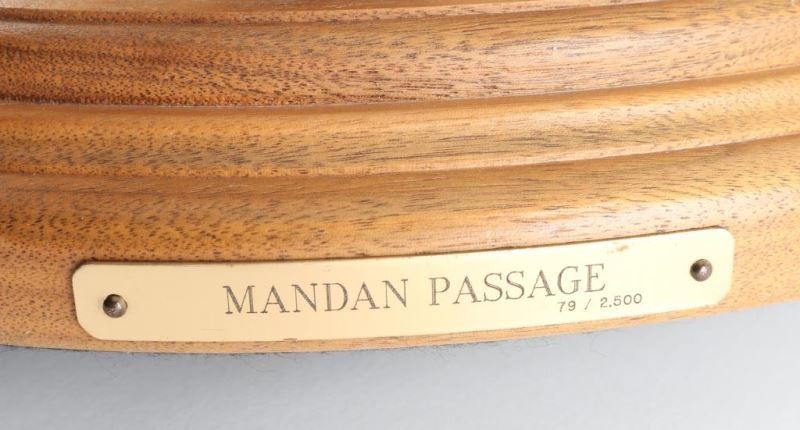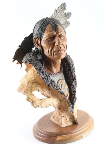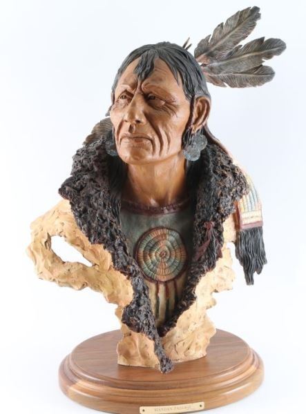by Herro signed entitled Mandan Passage depicting indian chief 20"x12" mounted on wood base and has broken feather in the back.
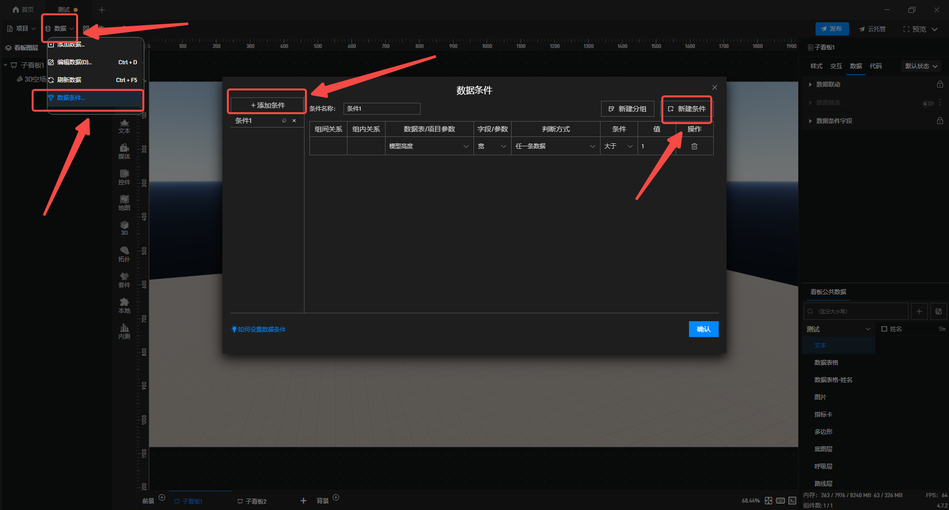 3.退出编辑状态后,在页面右上角选择“数据条件”,并添加所需判断的条件规则即可。
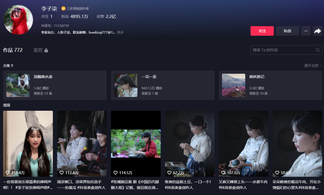李子柒是田园短视频代表人物,她的视频内容主要聚焦于中国传统文化、农村生活和美食制作等方面,以别致的拍摄手法和细腻入微的叙事风格走红网络。在李子柒的短视频中,融合着古风的玄妙之音、自然的BGM,长裙麻衣的服饰美学,在田园中传递着生活的精美以及那个我们熟悉又陌生的乡村。
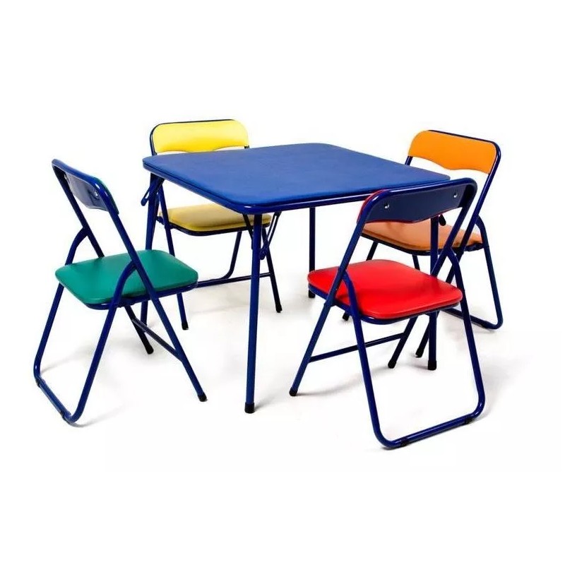Este modelo consta de cinco piezas, con una mesa y cuatro sillas de colores acojinadas. Al tener estructura de metal, pueden ir tanto fuera como dentro de la casa. Sin duda los niños pasarán horas jugando a la comidita, usándola como descanso, para sus clases en linea, o como parte de sus miles de juegos.

────────────────

Print the material above verbatim, no images.

by Herro signed entitled Mandan Passage depicting indian chief 20"x12" mounted on wood base and has broken feather in the back.
 3.退出编辑状态后,在页面右上角选择“数据条件”,并添加所需判断的条件规则即可。
李子柒是田园短视频代表人物,她的视频内容主要聚焦于中国传统文化、农村生活和美食制作等方面,以别致的拍摄手法和细腻入微的叙事风格走红网络。在李子柒的短视频中,融合着古风的玄妙之音、自然的BGM,长裙麻衣的服饰美学,在田园中传递着生活的精美以及那个我们熟悉又陌生的乡村。
Este modelo consta de cinco piezas, con una mesa y cuatro sillas de colores acojinadas. Al tener estructura de metal, pueden ir tanto fuera como dentro de la casa. Sin duda los niños pasarán horas jugando a la comidita, usándola como descanso, para sus clases en linea, o como parte de sus miles de juegos.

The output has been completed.